YOUR INSTRUCTIONS: Exclude all pictures, then write out exactly the lines below from the first one through the line with "6. Correspondance entre".

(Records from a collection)
^^^^^^^^
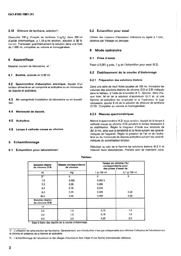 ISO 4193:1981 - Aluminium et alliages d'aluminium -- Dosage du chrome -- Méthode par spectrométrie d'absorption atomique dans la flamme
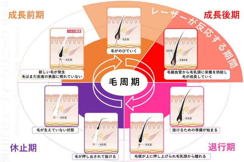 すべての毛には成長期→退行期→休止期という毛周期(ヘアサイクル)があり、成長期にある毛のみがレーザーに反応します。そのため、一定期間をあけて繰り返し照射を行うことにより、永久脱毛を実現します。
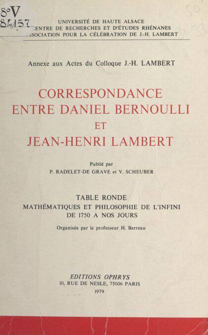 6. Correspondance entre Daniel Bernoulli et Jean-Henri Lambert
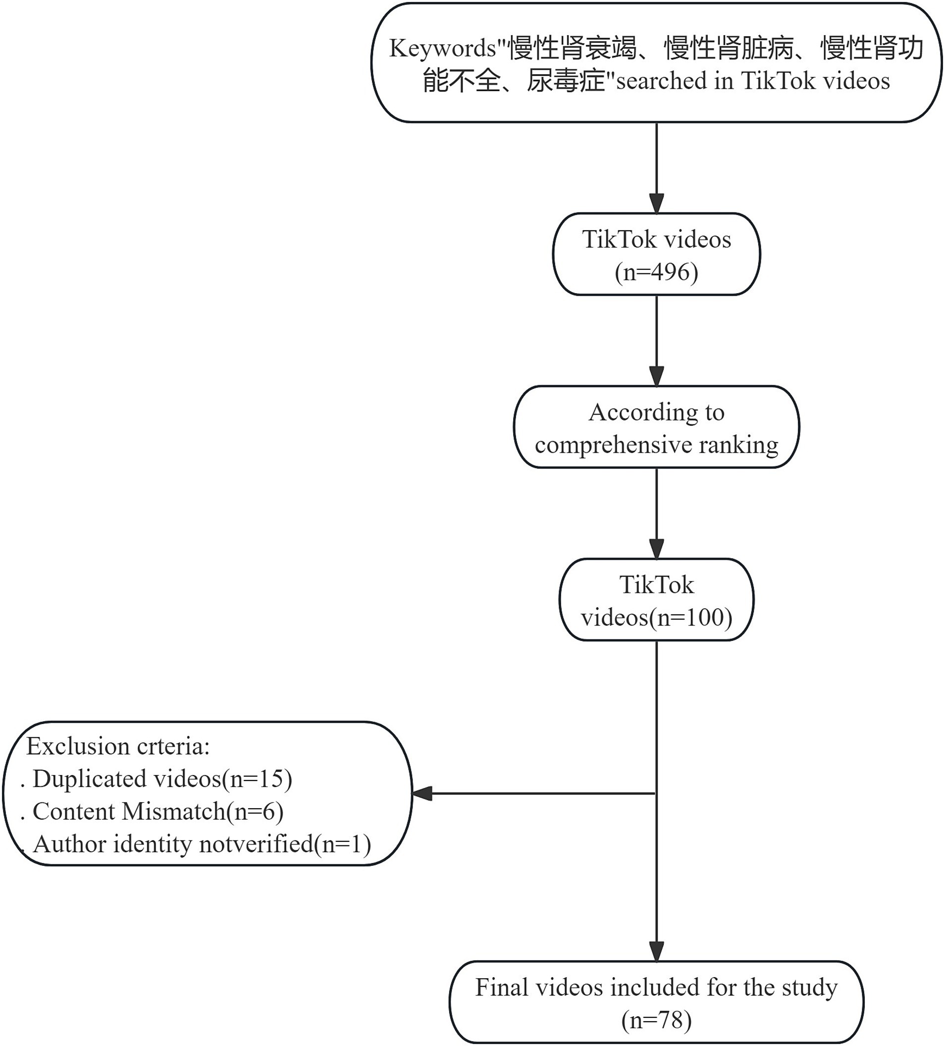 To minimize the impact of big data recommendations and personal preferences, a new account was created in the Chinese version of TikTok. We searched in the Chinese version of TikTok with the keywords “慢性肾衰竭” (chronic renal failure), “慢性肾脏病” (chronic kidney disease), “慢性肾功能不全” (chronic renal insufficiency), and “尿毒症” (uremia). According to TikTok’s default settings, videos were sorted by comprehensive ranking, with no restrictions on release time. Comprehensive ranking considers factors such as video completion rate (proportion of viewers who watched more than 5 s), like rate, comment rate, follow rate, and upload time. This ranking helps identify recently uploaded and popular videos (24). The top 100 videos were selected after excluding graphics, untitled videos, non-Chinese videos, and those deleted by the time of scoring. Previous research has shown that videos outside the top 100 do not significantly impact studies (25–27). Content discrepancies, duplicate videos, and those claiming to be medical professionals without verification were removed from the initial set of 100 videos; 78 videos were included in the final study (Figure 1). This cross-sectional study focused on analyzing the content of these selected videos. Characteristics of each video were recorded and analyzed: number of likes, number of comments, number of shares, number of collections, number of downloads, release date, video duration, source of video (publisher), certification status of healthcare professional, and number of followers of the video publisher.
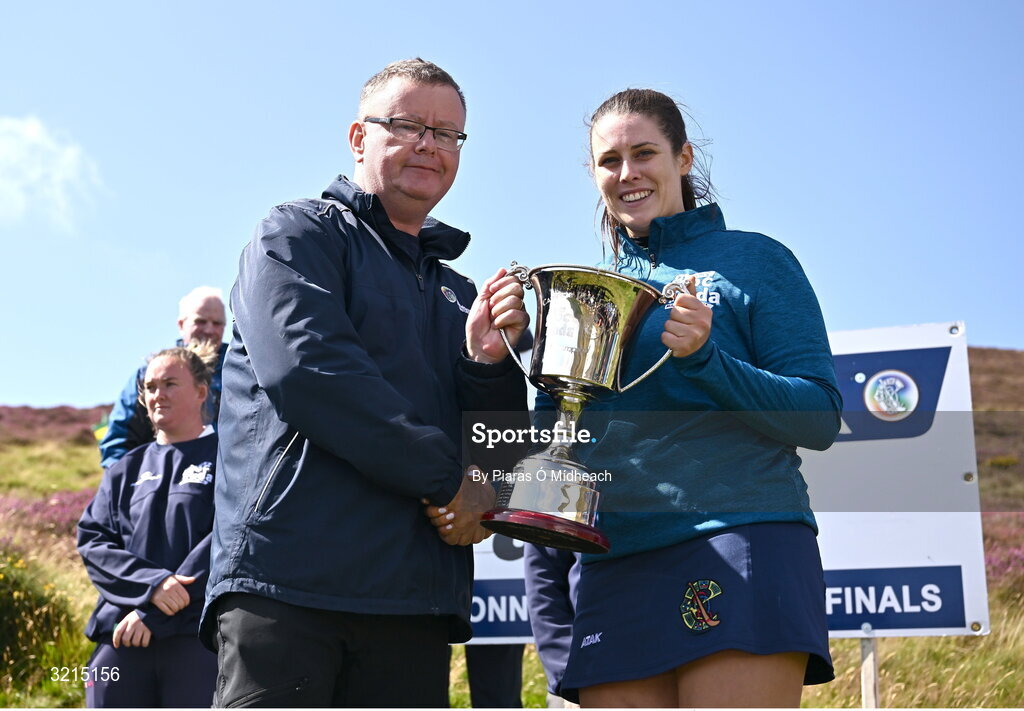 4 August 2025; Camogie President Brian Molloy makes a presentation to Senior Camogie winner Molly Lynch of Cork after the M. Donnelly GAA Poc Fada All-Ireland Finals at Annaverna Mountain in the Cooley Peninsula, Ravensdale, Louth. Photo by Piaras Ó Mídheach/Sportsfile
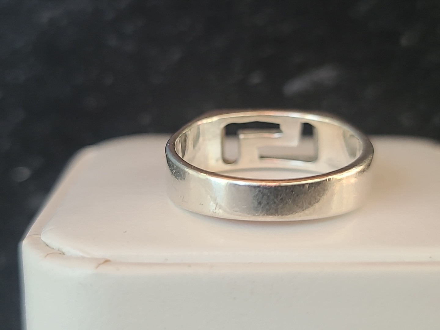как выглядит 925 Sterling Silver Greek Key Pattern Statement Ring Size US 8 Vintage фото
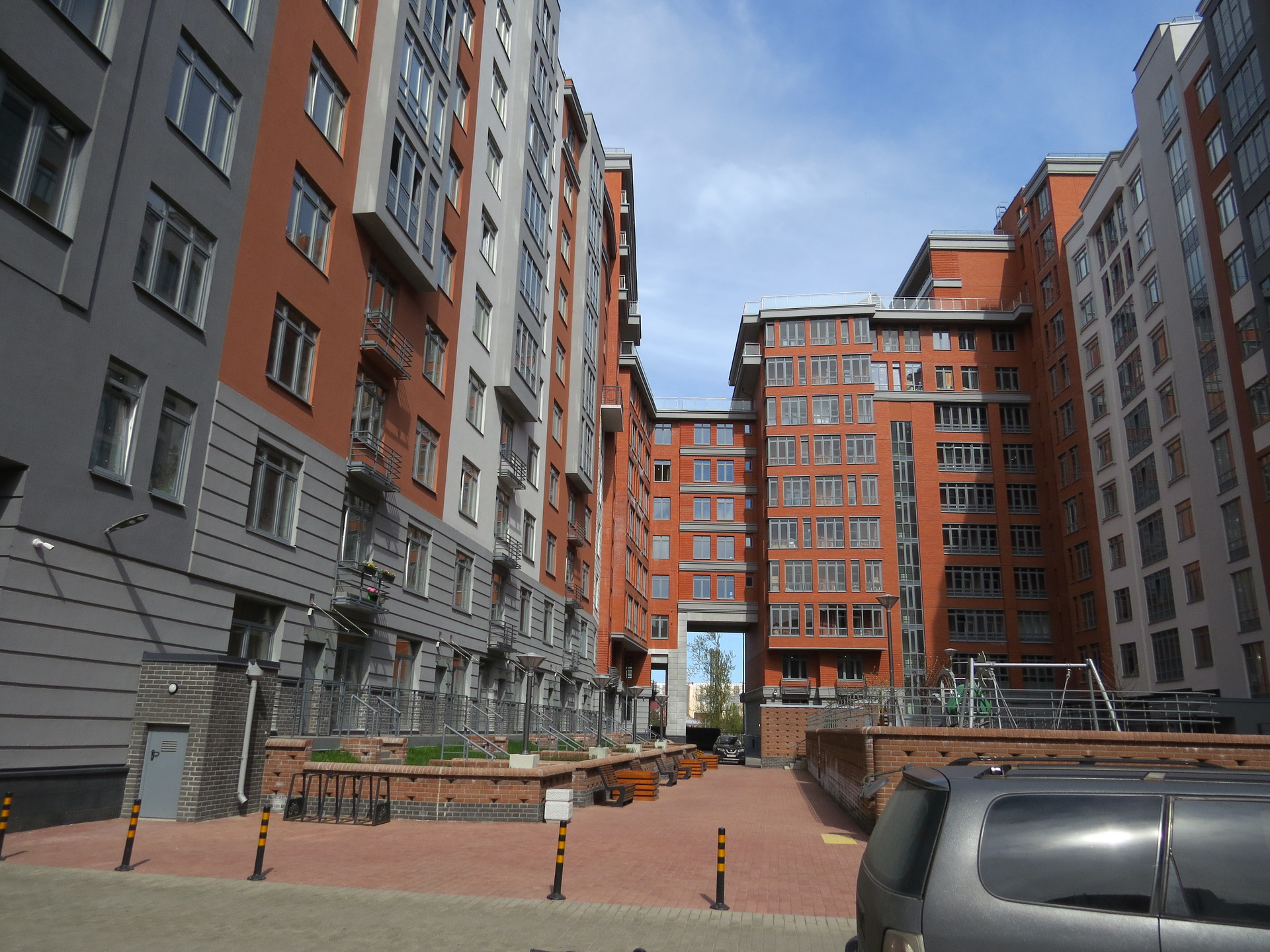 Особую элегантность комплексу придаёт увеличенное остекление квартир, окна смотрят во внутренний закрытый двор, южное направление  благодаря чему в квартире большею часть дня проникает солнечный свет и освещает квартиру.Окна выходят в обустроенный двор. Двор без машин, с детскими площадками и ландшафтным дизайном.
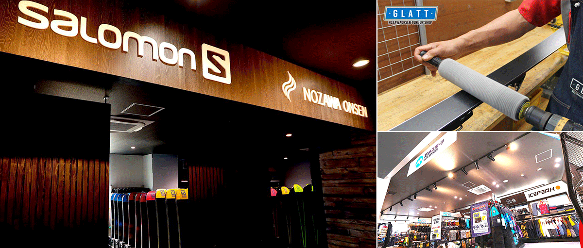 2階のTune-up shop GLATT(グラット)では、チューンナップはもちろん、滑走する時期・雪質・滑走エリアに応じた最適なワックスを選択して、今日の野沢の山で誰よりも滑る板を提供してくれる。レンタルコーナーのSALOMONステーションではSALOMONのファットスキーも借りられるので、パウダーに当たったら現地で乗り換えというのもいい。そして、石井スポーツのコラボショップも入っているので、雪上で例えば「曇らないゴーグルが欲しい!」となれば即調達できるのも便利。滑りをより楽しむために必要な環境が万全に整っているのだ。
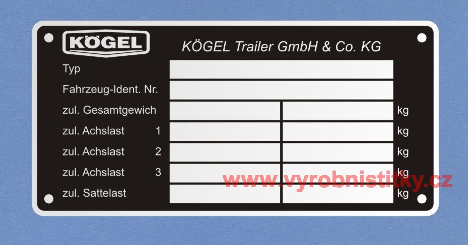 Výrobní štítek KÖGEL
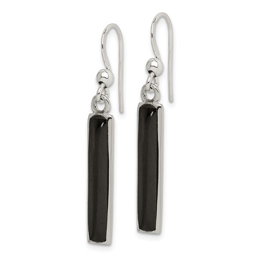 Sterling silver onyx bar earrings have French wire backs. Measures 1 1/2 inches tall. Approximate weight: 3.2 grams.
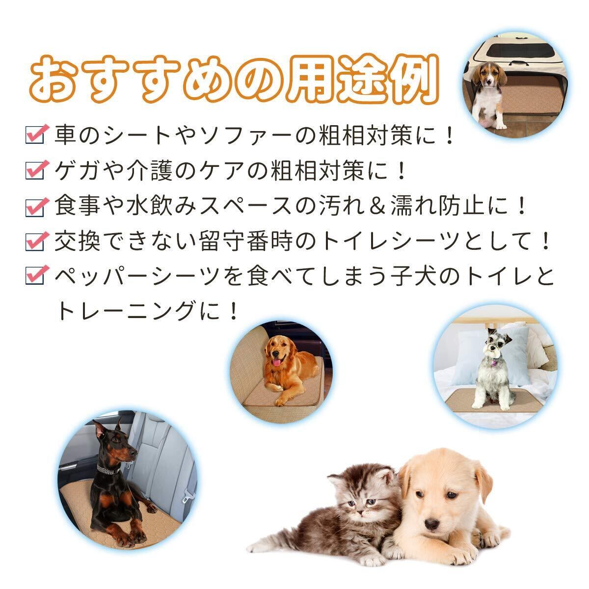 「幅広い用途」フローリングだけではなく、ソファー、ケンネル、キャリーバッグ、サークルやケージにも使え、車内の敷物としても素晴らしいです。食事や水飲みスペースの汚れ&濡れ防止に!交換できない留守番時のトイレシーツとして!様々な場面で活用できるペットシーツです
^^^^^^^^
SOLUTION TO THIS TASK:
 ISO 4193:1981 - Aluminium et alliages d'aluminium -- Dosage du chrome -- Méthode par spectrométrie d'absorption atomique dans la flamme
 すべての毛には成長期→退行期→休止期という毛周期(ヘアサイクル)があり、成長期にある毛のみがレーザーに反応します。そのため、一定期間をあけて繰り返し照射を行うことにより、永久脱毛を実現します。
 6. Correspondance entre Daniel Bernoulli et Jean-Henri Lambert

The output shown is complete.